I walked without listening to music this morning. I was content to listen to the rustle of autumn leaves still stubbornly clinging to their branches. If I would have been plugged-in I would have missed the commotion to my left as I walked down the steep hill. Four or five Deer had caught wind (or sight) of us and were running for cover. It was then that I noticed a lone fawn running back and forth through the thicket of trees and brush. I could hear her crying. I realized she was frantically searching for her family. The deer that had bolted must have heard her cries as they stopped abruptly and turned around. For a moment or two they all stood still, as did I. The Poodle sat at attention. He knew something was going on but from his lower vantage point he couldn’t see the deer. As the deer stood stock still, only their ears were twitching, as if sensing, or perhaps listening. I imagine they were trying to determine the direction to go in to find their lost one. Strangely, I didn’t hear a sound from the group of deer. I would have thought that one of them would call out to the offspring. It didn’t seem to matter though. Perhaps some kind of silent communication took place as in the span of but a couple of minutes the fawn was able to reunite with the family and off, deeper into the brush, they all went.

Witnessing the reunion was a lovely moment and it made me smile for the rest of my morning walk. I’m glad I wasn’t, as I frequently am, buried in my iPhone, either searching through music on my playlist or thumbing through emails as I walk. By unplugging just for a half hour or so I was able to experience everything a bit more….well… mindfully.

Mindfully. Mindfulness. That’s a word that has become more popular in the last couple of years, or so it seems. The Oxford dictionary gives the definition as:

1. The quality or state of being conscious or aware of something:

2. A mental state achieved by focusing one’s awareness on the present moment, while calmly acknowledging and accepting one’s feelings, thoughts, and bodily sensations; used as a therapeutic technique.
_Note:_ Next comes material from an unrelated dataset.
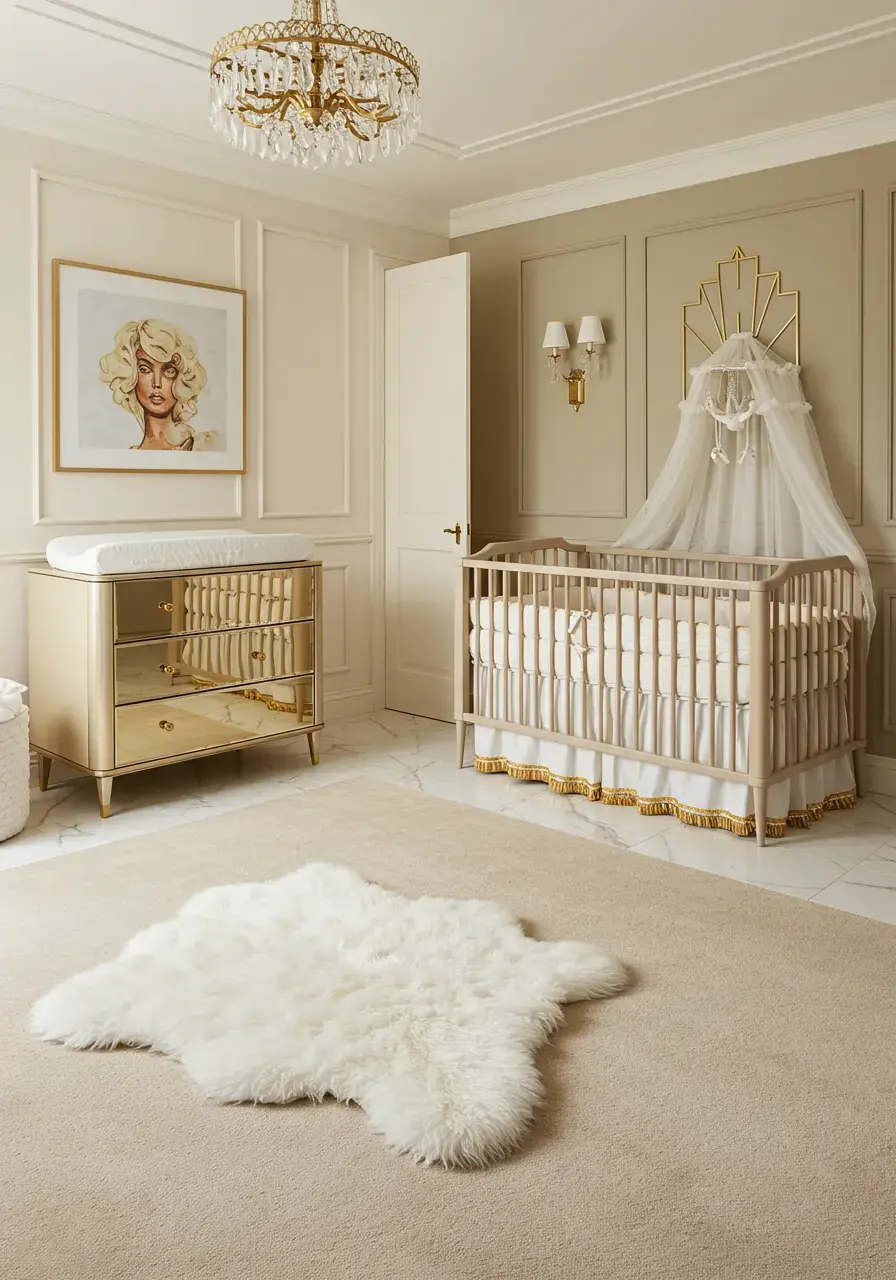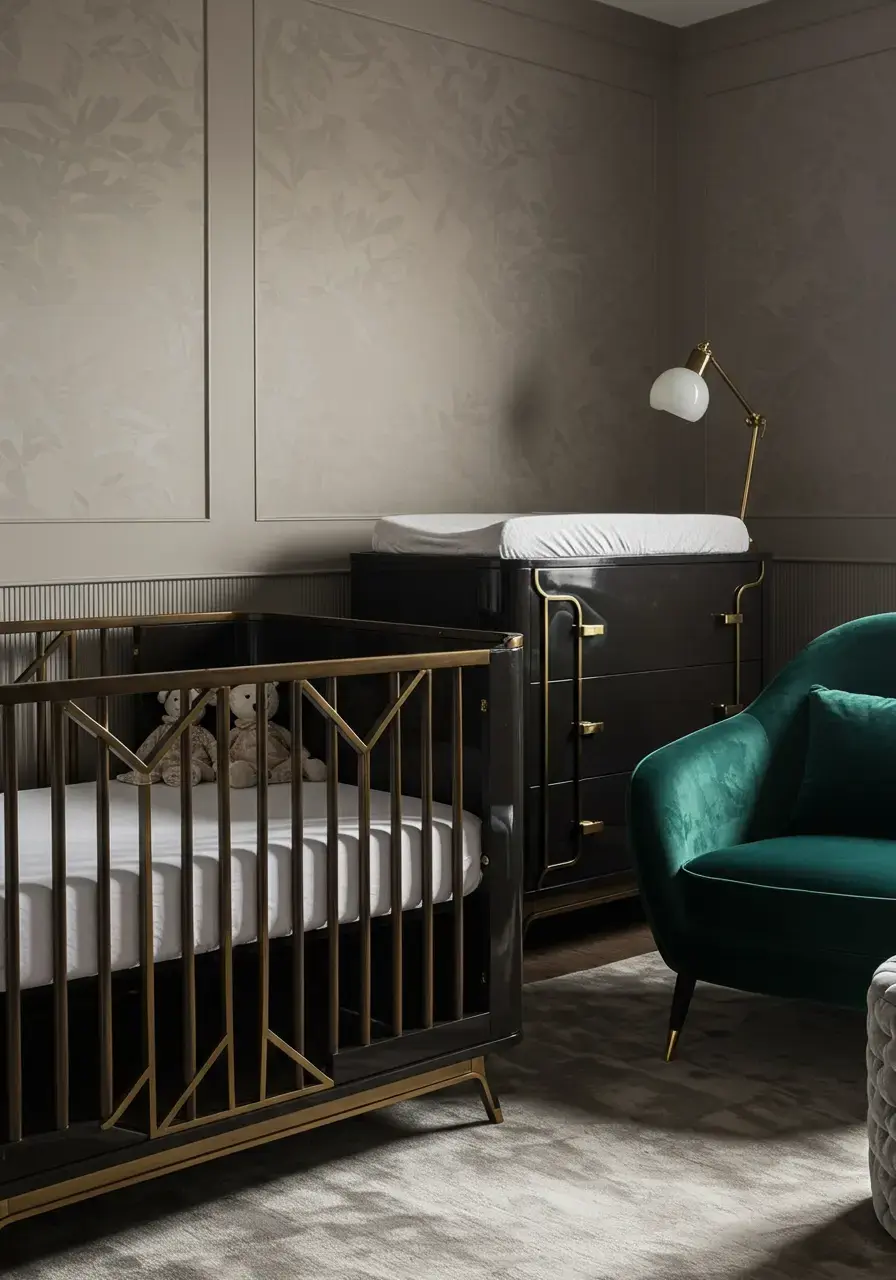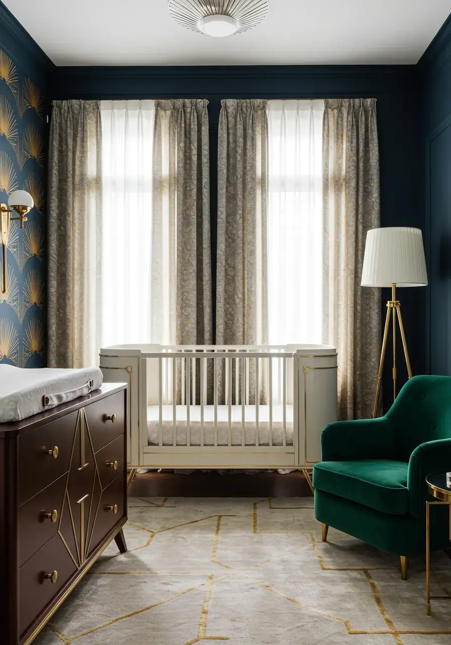 Infusing glamour elevates the nursery from merely functional to a sophisticated and enchanting space that reflects the luxurious essence of Art Deco.
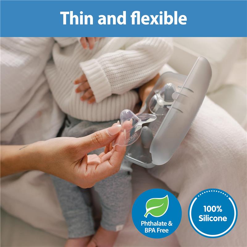 Experience a more natural feeding experience thanks to the thin, flexible silicone that readily warms up to match your skin temperature. The shields are designed with multiple holes, mimicking a natural feeding experience.

Eat your meals mindfully ….take mindfulness breaks during the course of a day…meditate….and so on. And indeed, this mindfulness approach (even when I didn’t realize it) made those stressful months caring for my mother easier.  I loved those early morning walks in the Sonoran desert.  Sometimes–when I wasn’t venting to a friend about what was happening with my mother–I was able to put everything that was going on aside and just enjoy the beauty around me.
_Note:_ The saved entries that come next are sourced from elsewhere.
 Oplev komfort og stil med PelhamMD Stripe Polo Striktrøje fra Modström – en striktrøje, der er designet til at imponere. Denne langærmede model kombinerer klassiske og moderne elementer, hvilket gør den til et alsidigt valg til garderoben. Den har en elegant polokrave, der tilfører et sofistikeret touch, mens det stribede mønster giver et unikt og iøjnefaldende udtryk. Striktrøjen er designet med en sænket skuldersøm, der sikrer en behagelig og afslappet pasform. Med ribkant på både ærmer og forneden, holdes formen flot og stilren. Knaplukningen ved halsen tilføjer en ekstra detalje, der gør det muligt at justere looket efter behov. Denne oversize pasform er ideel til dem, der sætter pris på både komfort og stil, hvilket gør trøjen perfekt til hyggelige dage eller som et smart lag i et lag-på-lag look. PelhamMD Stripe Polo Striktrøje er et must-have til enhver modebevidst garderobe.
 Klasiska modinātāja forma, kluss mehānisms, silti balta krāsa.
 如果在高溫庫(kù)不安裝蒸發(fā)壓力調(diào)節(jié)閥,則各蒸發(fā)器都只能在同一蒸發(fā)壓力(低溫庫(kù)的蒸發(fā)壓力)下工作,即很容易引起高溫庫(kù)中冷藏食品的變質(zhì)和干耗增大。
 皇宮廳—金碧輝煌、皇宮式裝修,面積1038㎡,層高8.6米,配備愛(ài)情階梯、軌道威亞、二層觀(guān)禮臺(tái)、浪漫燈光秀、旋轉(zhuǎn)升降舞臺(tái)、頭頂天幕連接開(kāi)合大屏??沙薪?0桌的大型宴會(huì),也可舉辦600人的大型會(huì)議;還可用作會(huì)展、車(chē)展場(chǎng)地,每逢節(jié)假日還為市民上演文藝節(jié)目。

Mindfulness is something that I’m striving to get better at despite the fact that I’ve fallen off a consistent yoga/meditative practice ….or exercise in general. One of the reasons that I’m trying to get better with this mindfulness stuff is that there is still family baggage to sift through. I don’t have to tell you folks….you already know; the approaching holidays brings this stuff out!

So, as I write I’m acknowledging that this imperfect soul is trying to ignore the simmering anger associated with my very own twin brother. Focusing on the present moment is the only “weapon” at my disposal. My battle? Oh, I’ve got a number of them but what comes to mind in this moment is my brother. Do I forgive my brother or….what?
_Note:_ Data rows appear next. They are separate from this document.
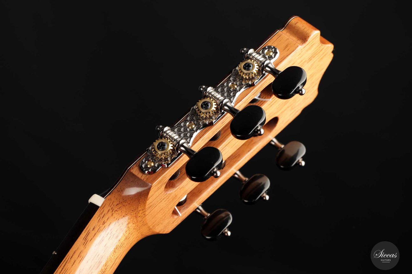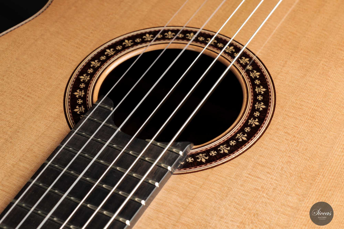 Already the appearance of this stunningly built guitar reveals why this model received an award at the guitar building competition. The instrument is tastefully decorated and the fine inlay work, which was carried out with utmost precision, gives the instrument a gorgeous and unique aesthetic. The sound of this Homenaje model impresses with its powerful and well-balanced sonority. The pleasantly crisp basses support the warm and singing trebles excellently and the playing feel is spot on. All in all, this is a traditionally built guitar of the highest level, which is very versatile and spreads a lot of playing enthusiasm.
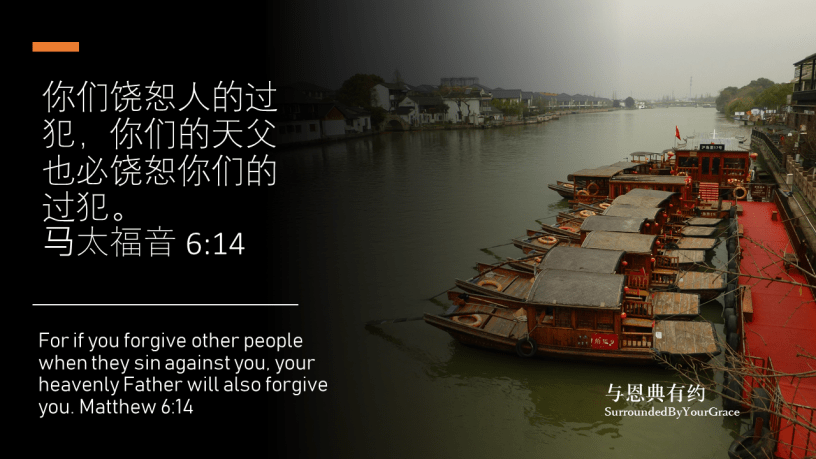 饶恕, 马太福音 马太福音 6:14 Date: 12/28/2020Author: Surrounded By Your Grace 0 Comments 你们饶恕人的过犯,你们的天父也必饶恕你们的过犯。马太福音 6:14 For if you forgive other people when they sin against you, your heavenly Father will also forgive you. Matthew 6:14 Share this: Share on X (Opens in new window) X Share on Facebook (Opens in new window) Facebook Share on Pinterest (Opens in new window) Pinterest Share on WhatsApp (Opens in new window) WhatsApp Share on Telegram (Opens in new window) Telegram Like Loading... Related
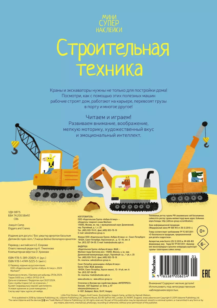 Cranes and excavators are not just for building a house! See how with the help of these useful machines workers build a house, work on a quarry, transport cargo in the port and much more! Read and play! We develop attention, imagination, fine motor skills, artistic taste and emotional intelligence.

His egregious behavior when our step-father passed, and his subsequent abandonment of family duties during a time of great need has both my sister and I seeing red….blood red….still, after eight months have gone by since Kurt’s death. Most days since the day my brother turned his back on us I have not given him a precious moment of my thoughts. In fact, I find myself telling people I meet, “Oh…I have a sister in Virginia,” consciously making no mention that I have a twin brother too. I may have been estranged from him before Kurt’s passing, but after my brother slammed the door on us in every sense of the word, he may as well have died in my eyes.  Naturally, this feeling does not make my heart feel good which is why I’m struggling here.

As twins go, my brother and I couldn’t be further apart from each other in just about everything. We’ve been estranged for many years although in my heart I have wished him nothing but love and good things. I used to feel guilty about our estrangement but more than anything it was about survival. Our childhood certainly left a lot to be desired in the nurturing department and my brother received far more of the physical blows than I. We’ve got scars to be sure but there are other souls in this world that have suffered far greater brutalities than we have. Still, as his twin sister I did my best to shelter him growing up. Eventually, I gave up. I had to survive too. I played by the rules; he decided not to which is largely why he was always in trouble.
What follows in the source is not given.